Diré sólo tres palabras.
La primera: Jesús. ¿Qué es lo más importante? Jesús. Si vamos adelante con la organización, con otras cosas, con cosas bellas, pero sin Jesús, no vamos adelante; la cosa no marcha. Jesús es más importante. Ahora desearía hacer un pequeño reproche, pero fraternalmente, entre nosotros. Todos habéis gritado en la plaza: «Francisco, Francisco, Papa Francisco». Pero, ¿qué era de Jesús? Habría querido que gritarais: «Jesús, Jesús es el Señor, ¡y está en medio de nosotros!». De ahora en adelante nada de «Francisco», ¡sino Jesús!
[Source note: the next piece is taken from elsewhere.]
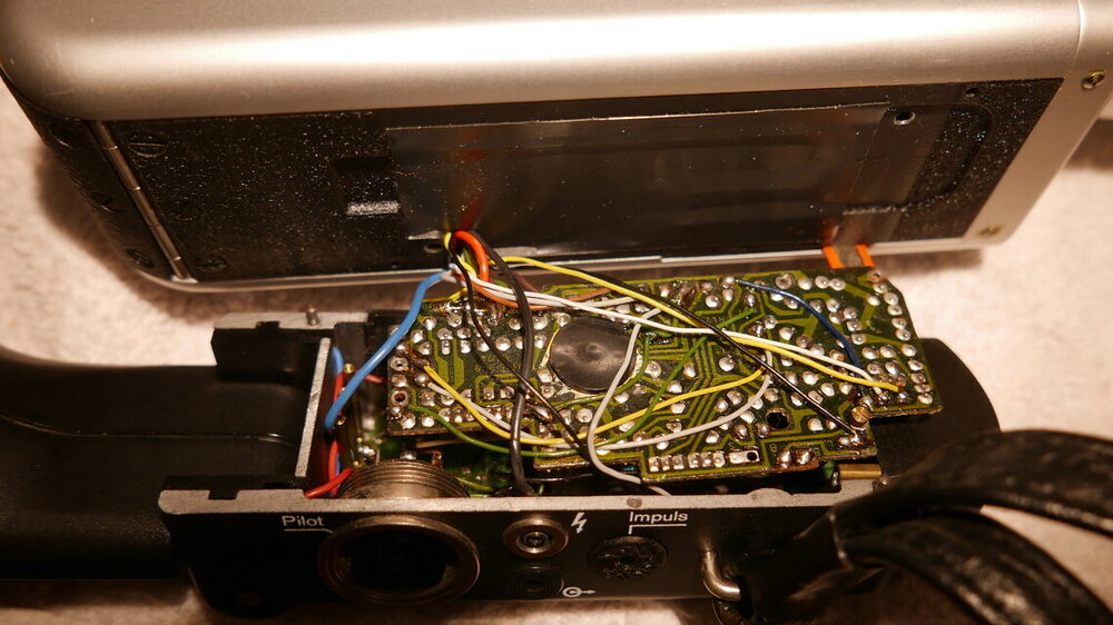 Am Ende habe ich alle Funktionen des Handgriffes getestet. Alle Impulsausgaben (Pilotton allerdings nicht) Blitzkontakt Fremdversorgung Elektrischer Fernauslöser Mechanischer Fernauslöser Merkwürdigerweise hat die Kamera übrigens nicht sofort fehlerfrei gearbeitet, sondern zunächst das alte Fehlerbild gezeigt. Nun aber arbeitet sie einwandfrei. Ich würde mich sehr über einen Schaltplan zur Nizo Professional freuen, ich finde bei mir keinen...
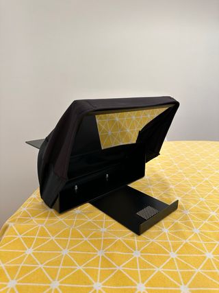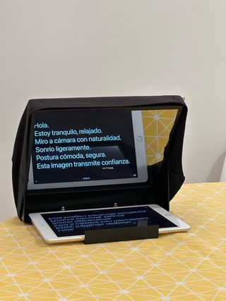 Este teleprompter te permite leer un guion mientras miras a cámara. Es ideal para grabaciones. Está impoluto, sin ningún rasguño. Siempre se usó en casa. Lleva 4 años guardado sin usar. - Pantalla de 12 pulgadas. - Compatible con tablets y smartphones (el iPad en la foto no está incluido) - Se puede montar en un trípode.

La segunda palabra es: la oración. Mirar el rostro de Dios, pero sobre todo —y esto está unido a lo que he dicho antes— sentirse mirado. El Señor nos mira: nos mira antes. Mi vivencia es lo que experimento ante el sagrario cuando voy a orar, por la tarde, ante el Señor. Algunas veces me duermo un poquito; esto es verdad, porque un poco el cansancio del día te adormece. Pero Él me entiende. Y siento tanto consuelo cuando pienso que Él me mira. Nosotros pensamos que debemos rezar, hablar, hablar, hablar… ¡no! Déjate mirar por el Señor. Cuando Él nos mira, nos da la fuerza y nos ayuda a testimoniarle —porque la pregunta era sobre el testimonio de la fe, ¿no?—. Primero «Jesús»; después «oración» —sentimos que Dios nos lleva de la mano—. Así que subrayo la importancia de dejarse guiar por Él. Esto es más importante que cualquier cálculo. Somos verdaderos evangelizadores dejándonos guiar por Él. Pensemos en Pedro; tal vez estaba echándose la siesta y tuvo una visión, la visión del lienzo con todos los animales, y oyó que Jesús le decía algo, pero él no entendía. En ese momento llegaron algunos no-judíos a llamarle para ir a una casa, y vio cómo el Espíritu Santo estaba allí. Pedro se dejó guiar por Jesús para llevar aquella primera evangelización a los gentiles, quienes no eran judíos: algo inimaginable en aquel tiempo (cf. Hch 10, 9-33). Y así, toda la historia, ¡toda la historia! Dejarse guiar por Jesús. Es precisamente el leader, nuestro leader es Jesús.
Y la tercera: el testimonio. Jesús, oración —la oración, ese dejarse guiar por Él— y después el testimonio. Pero desearía añadir algo. Este dejarse guiar por Jesús te lleva a las sorpresas de Jesús. Se puede pensar que la evangelización debemos programarla teóricamente, pensando en las estrategias, haciendo planes. Pero estos son instrumentos, pequeños instrumentos. Lo importante es Jesús y dejarse guiar por Él. Después podemos trazar las estrategias, pero esto es secundario.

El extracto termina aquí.